What exactly is a modern data warehouse?

G’day,

I was asked recently what a modern data warehouse is – and that’s a vey thought provoking question.

First, there’s the tag “Modern” – I think what’s modern now may not be quite so modern in a year or twos time – maybe sooner, judging by the speed of some technology changes at present.

My initial response – jokingly – was ‘it depends who you ask’, which is a pretty useless – but true – answer.

Firstly let me put some context around my answer. I’ve built my career around Microsoft technologies – so my answer is going to centre around their latest technologies – which are going to be all cloud based, and essentially incorporate Platform-as-a-Service (PaaS) functionality. Your experience may be different, you might be in a different cloud, you might have different ideas – but for me it’s PaaS Services in the Azure cloud.
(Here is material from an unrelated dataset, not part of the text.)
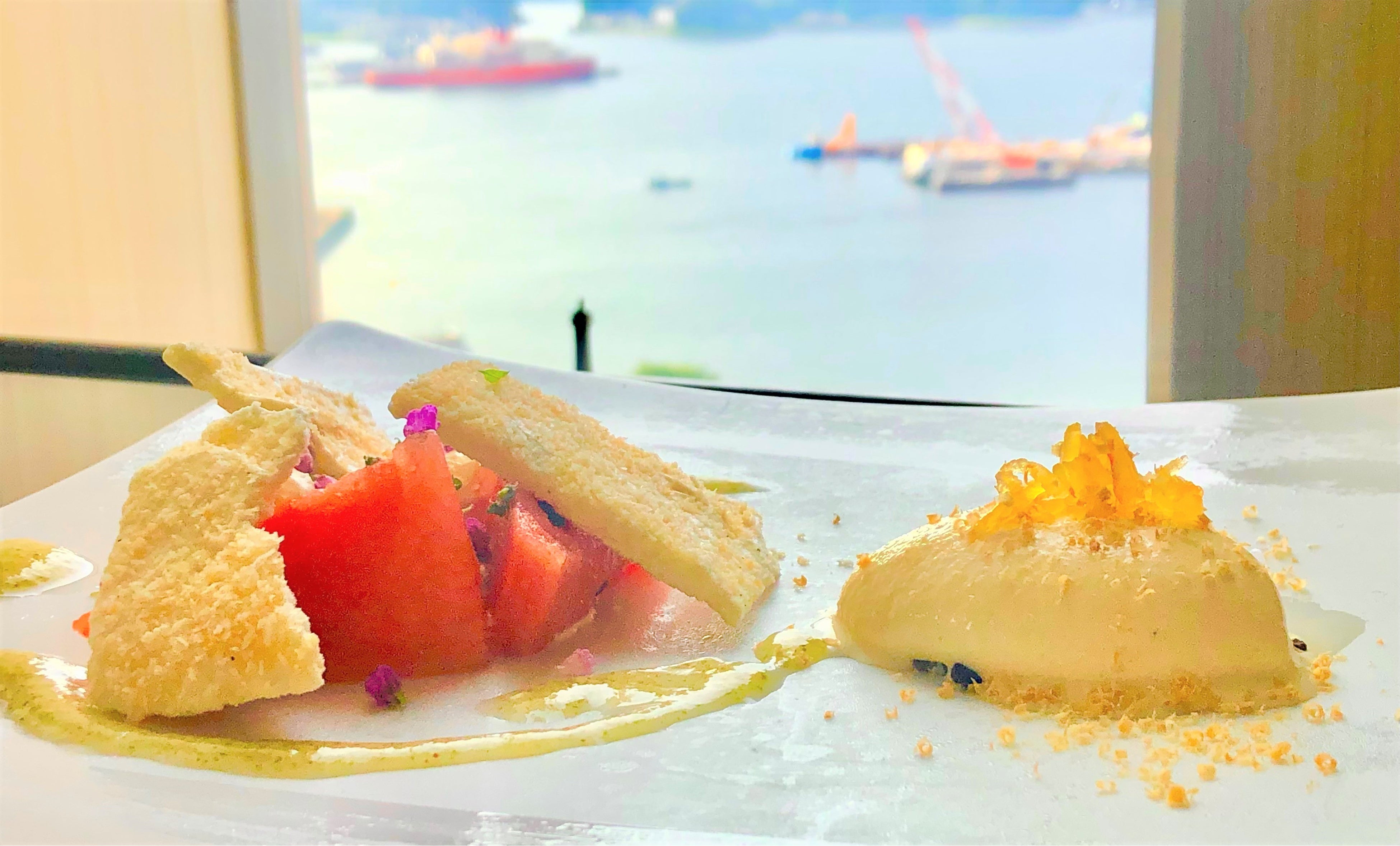 コース料理にはスズカク農園の野菜も使用しており、前菜から最後のデザートまで一品ずつお愉しみいただけます。19階のレストランからの眺望や夜景と共に三浦半島の大地の味をご体験ください。

I’ll expand on this shortly.

But let’s (quickly) look back on how I’ve seen data warehouses develop – in my Microsoft world – over the years. They used to be simply built on SQL Server, incorporating fact and dimension tables. There’d be debate about star and snowflake schemas, about kimball or Inmon. More recently people talk about Data Vault. Essentially, people pulled data from their operational (transactional) system into their data warehouse (decision support system or Enterprise data warehouse or whatever they chose to call it).

They did this using some Extract, Transform and Load (ETL) tool (commonly called a data integration tool) like SQL Server integration services.

They might have had a single data source (one transactional system) or they may have had more data sources – so firstly staging the data made sense, then cleaning it and then putting it into the main data warehouse.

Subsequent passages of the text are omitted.